The festival organisers had made a decision to split the event between two venues, one at the Wellington Waterfront and the other at the (then) Wellington Show and Sports Centre (Winter Show Building) in Newtown. Despite the arrangement of a shuttle bus service between these two venues, this decision had the effect of confusing and frustrating potential visitors to the festival, with the result that neither venue attracted visitor numbers beyond an average of 2,500 per day.

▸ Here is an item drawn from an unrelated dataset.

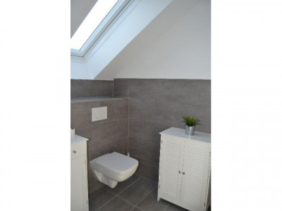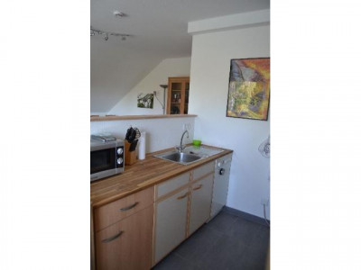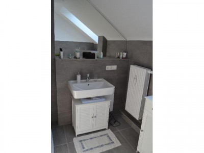 Die hier angebotene Wohnung befindet sich im Dachgeschoss eines Mehrparteienhauses und verfügt über ca. 54 m² Wohnfläche. Die gesamte Wohnung wurde im Februar 2015 renoviert. Nicht nur das hochwertige Parkett und das geschmackvoll modernisierte Bad werten die Wohnung erheblich auf, auch der Sonnenbalkon, welcher sich über die gesamte Hausbreite erstreckt, ist ein Highlight. Der Grundriss besteht aus einem Wohnzimmer mit offener Küche, einem Badezimmer mit Dusche und einem Schlafzimmer. Das Wohnzimmer hat eine schöne, einladende Größe und ist von der Küche durch eine halb hohe Wand leicht separiert. Ein Zugang zum Balkon ist hier gegeben. Das Badezimmer ist mit seinen modernen hellgrauen Fliesen ein Hingucker. Es ist mit einem Dachfenster und einer großen Dusche mit Sitzmöglichkeit ausgestattet. Vom Schlafzimmer aus können Sie ebenfalls den großzügigen Sonnenbalkon erreichen. Alle Wohnräume sind mit Parkettboden versehen, Küche und Flur sind mit den gleichen Fliesen wie das Badezimmer belegt. Zu der Wohnung gehören ein separater Kellerraum und PKW-Stellplatz, sowie eine gemeinschaftliche Waschküche. Hinter dem Haus befindet sich ein großes Wiesengrundstück, welches von den Mietern ebenfalls gemeinschaftlich genutzt werden kann. Die Miete setzt sich wie folgt zusammen: Kaltmiete 575,-EUR + PKW-Stellpl. 25,-EUR = 600,-EUR + NK 180,-EUR (inkl. Heizung) = 780,-EUR

The organisers had also adopted a policy against advertising the daily schedules for musical and other performances taking place at either venue. This policy was based on the assumption that it would encourage visitors to prolong their stay and to make numerous return visits so as not to miss seeing favourite performers. As a result, a number of popular musicians, singers and other entertainers played to largely empty houses because the public did not know when or where they were performing.

Within days of the opening of the festival, media reports began to suggest that it was faltering. During a heated radio interview, Wellington City Councillor Ruth Gotlieb maintained that it was "every Wellingtonian's civic duty to attend Sesqui."

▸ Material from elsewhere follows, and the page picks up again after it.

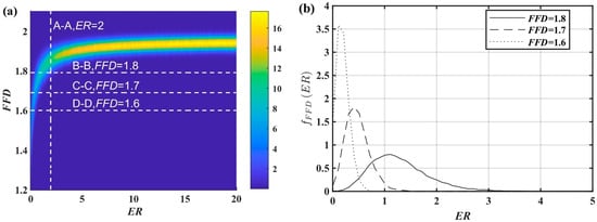 The was used as an example to analyze the FFD’s capability range. The interval was . Consider and as independent continuous random variables. Consider as a two-dimensional continuous random variable with joint probability density . The marginal probability density of the at was plotted based on the FC-Curve and curves in Figure 9b. All marginal probability densities in the ER-FFD coordinate system were plotted to obtain the joint probability density. It was impossible to plot the normalized probability density since the ER can be infinitely large. Therefore, an unnamed joint probability density was used for analysis.

Pre-ticket sales had reached only 2.4% of targets, and after opening, the $12 entry fee to the festival soon dropped to $6 in a desperate bid to attract visitors. The highest attendance figure was achieved during the final days of the event, when 32,000 visitors took advantage of a decision to waive all entry fees, which were widely regarded as being excessive.

Although planned to run for six weeks, Sesqui 1990 closed after only 12 days, on 7 March 1990, with debts in excess of NZ$6.4 million.

== Aftermath ==
The collapse of the Sesqui 1990 festival forced a number of small companies that had been contracted to supply various goods and services to the event into receivership and/or bankruptcy. The Wellington Show Association was liquidated in 1999.

Two iconic billboards promoting Sesqui 1990 remained standing for a number of months after the event's premature closure, apparently because the organisers could not afford to have them removed. One of these, featuring an image of gleeful Sesqui visitors, was quickly defaced with graffiti reading "And I laughed and laughed and laughed". The other billboard, a plywood cut-out representing Sesqui mascot "Pesky Sesky" – a sort of anthropomorphic opossum, or possibly sasquatch – had been erected on a rooftop to welcome visitors to the Show and Sports Centre venue, and eventually disappeared during a wind storm.

Other sesquicentenary events fared better, including the New Zealand Sports Hall of Fame, which went on to have a life of its own.